The technology relates to a vehicle steering control apparatus that may set a target course and may perform a control to allow for follow-up travel along the target course.

In recent years, various developments and proposals have been made in vehicle steering control technology to assist drivers in driving more comfortably and safely. For example, Japanese Unexamined Patent Application Publication (JP-A) No. 2010-36757 discloses a technique regarding a lane deviation prevention control apparatus that prevents an own vehicle from deviating from lanes. This technique involves: calculating a target steering angle of a steering mechanism to allow a lateral position of an own vehicle to be close to a target lateral position; setting a first steering force to attain the target steering angle, based on a deviation between the target steering angle and a real steering angle, by means of a steering angle feedback control; and setting a second steering force to attain the target steering angle, by means of a feedforward control of a steering force based on the target steering angle and an amount of a vehicle status. When determination is made on follow-up travel to a preceding vehicle, a target steering force is so set as to raise a rate of the first steering force, as compared to a case in which no determination is made on the follow-up travel.

SUMMARY

A technique such as the lane deviation prevention control as disclosed in JP-A No. 2010-36757 or any other lane keeping control may involve setting a target course, and performing a follow-up control to a preceding vehicle or the target course. In such cases, steering characteristics of a steering system may vary in accordance with a vehicle speed. Accordingly, in an existing control system, to perform a control based on the steering characteristics with the vehicle speed being in a medium- or high-speed range may cause a concern of degraded control responsiveness in a low-speed range. Such a change in the control responsiveness between the low-speed range and the medium- or high-speed range may lead to lack of control stability, causing difficulties in performing a precise control.

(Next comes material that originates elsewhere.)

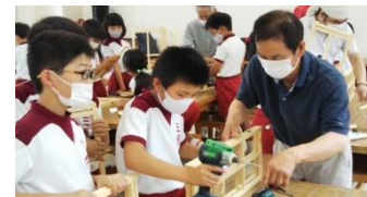
始良市立三船小学校（建具製作）

It is desirable to provide a vehicle steering control apparatus that makes it possible to perform a stable and precise control with alleviated changes in control responsiveness over low- to high-speed ranges.

An aspect of the technology provides a vehicle steering control apparatus that includes a target course setter, a first control quantity calculator, a second control quality calculator, a control rate variator, and a steering controller. The target course setter sets, based on forward environment information, a target course to be traveled by an own vehicle. The first control quantity calculator calculates a first control quantity that allows the own vehicle to travel along the target course. The second control quantity calculator calculates a second control quantity based on a steering angle. The control rate variator variably sets, in accordance with a vehicle speed, a first rate of the first control quantity and a second rate of the second control quantity. The steering controller calculates a steering control quantity, based on the first control quantity corrected based on the first rate and the second control quantity corrected based on the second rate, and executes a steering control.

BRIEF DESCRIPTION OF THE DRAWINGS

FIG. 1 illustrates a configuration of a vehicle steering system according to an implementation of the technology.

FIG. 2 is a functional block diagram of a steering controller according to an implementation of the technology.

FIG. 3 is a flowchart of a steering control program according to an implementation of the technology.

FIG. 4 is a flowchart of a target steering angle calculation routine according to an implementation of the technology.

FIG. 5 illustrates a feedforward control according to an implementation of the technology.

FIG. 6 illustrates a lateral position feedback control according to an implementation of the technology.

FIG. 7 illustrates a yaw angle feedback control according to an implementation of the technology.

FIG. 8 illustrates one example of characteristics of a target steering torque speed-sensitive gain and a steering torque speed-sensitive gain according to an implementation of the technology.

DETAILED DESCRIPTION

In the following, some implementations of the technology are described in detail with reference to the drawings.

In FIG. 1, a reference character 1 designates an electric power steering apparatus that may freely set a steering angle independently from a driver's input. The electric power steering apparatus 1 may include a steering shaft 2. The steering shaft 2 may be rotatably supported by an undepicted vehicle frame through a steering column 3. The steering shaft 2 may include a first end extended toward a driver's seat, and a second end extended toward an engine room. A steering wheel 4 may be fixed to the first end of the steering shaft 2. A pinion shaft 5 may be coupled to the second end of the steering shaft 2.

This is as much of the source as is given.